My preference is to add a parameter that is subtracted from N rather than a flag that switches between N and N-1. The shortest name a I can come up with is a bit obscure, though, "ddof" for "change in degrees of freedom".

Attachment added by trac user zouave on 2007-07-12: diff-std

trac user zouave wrote on 2007-07-12

I've just posted a patch that adds a "ddof" parameter as described above (by rkern), as well as a "pop_mean" parameter that allows users to supply an out-of-sample population mean to be used instead of calculating the in-sample mean. It affects ndarrays, masked arrays and matrices; doesn't affect fromnumeric.py stuff. The appropriate on-line doc is also updated (to the best of my knowledge).

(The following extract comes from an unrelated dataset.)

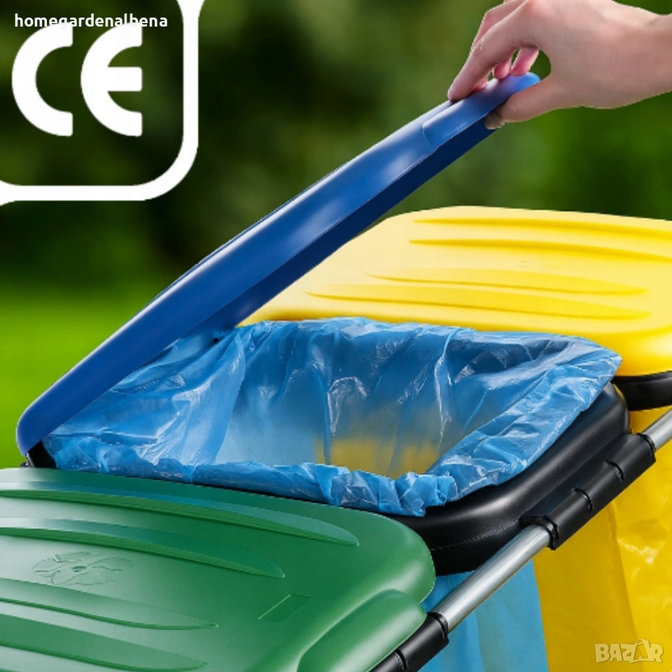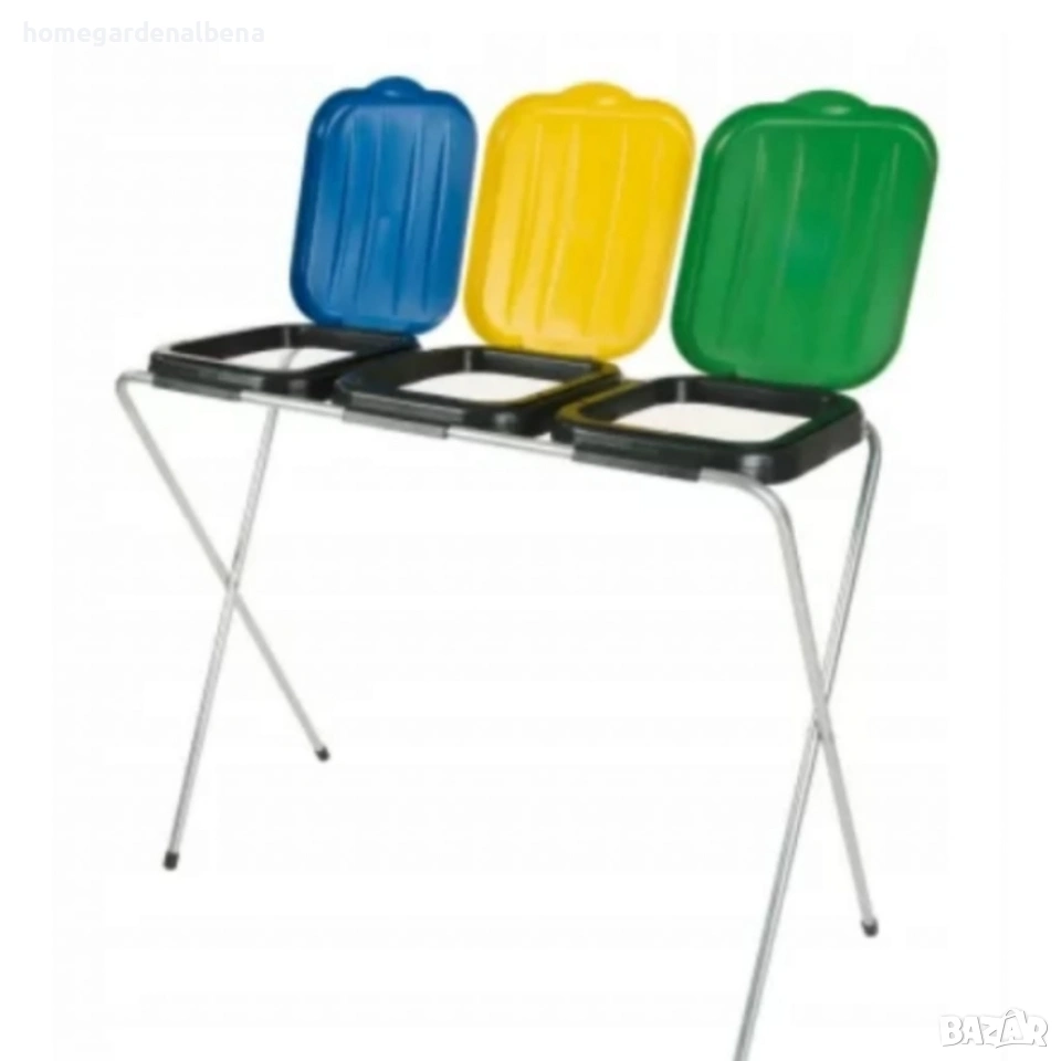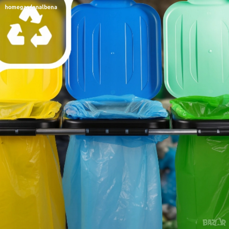 Home&Garden by Albena, стойка за отпадъци, разделно събиране, кош за боклук, кош за разделно събиране, рециклиране, еко кош, 3 отделения, цветни капаци, метална стойка, кош за пластмаса, кош за хартия, кош за стъкло, градина, двор, офис, екологичен продукт, recycling bin, waste sorting, кош 120 литра
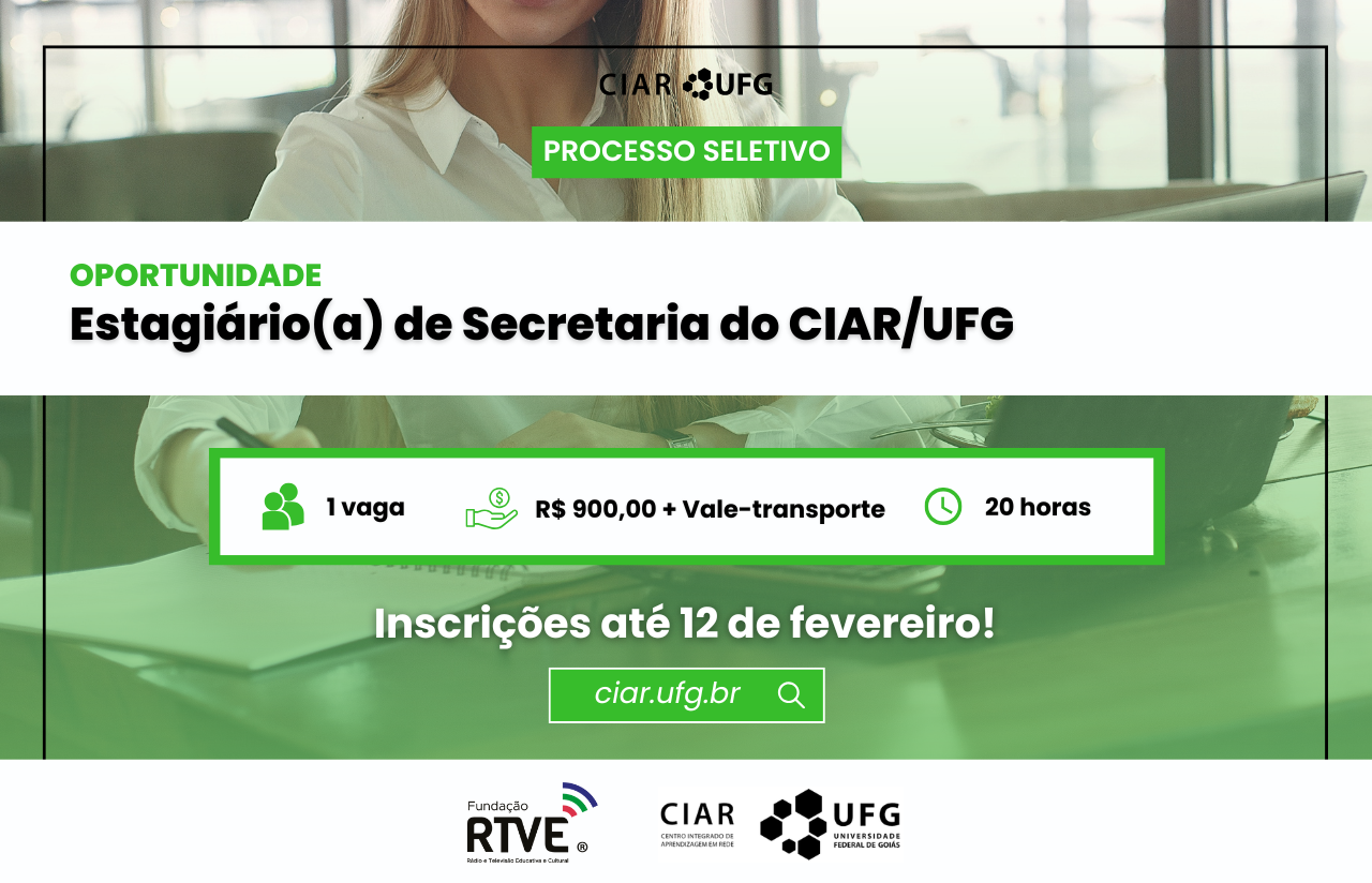 O CIAR está selecionando, por meio da Fundação RTVE, uma(a) estagiário(a) para compor a equipe de secretaria do órgão. As inscrições para a única vaga, com carga horária de 20 horas semanais, vão até dia 12 de fevereiro. Estudantes da Faculdade de Ciências Econômicas e Administração (FACE/UFG) e da Faculdade de Letras (FL/UFG) cursando a partir do 3º período podem se inscrever.

Any comments, questions, suggestions [or insults] are more than welcome. Honestly, my hope is to have this fixed by 1.0.4 (and that this release will come soon).

@mdehoon wrote on 2008-02-20

charris wrote:

something like bias={0,1}.

rkern wrote:

My preference is to not use the term "bias," since it's wrong.

One solution is to use ml={1,0}, with ml standing for maximum likelihood.
Dividing by N gives the maximum likelihood estimate, and this is true both for the variance and the standard deviation.

@teoliphant wrote on 2008-03-07

In r4853 the ddof feature was added to var and std. So, this ticket can be closed.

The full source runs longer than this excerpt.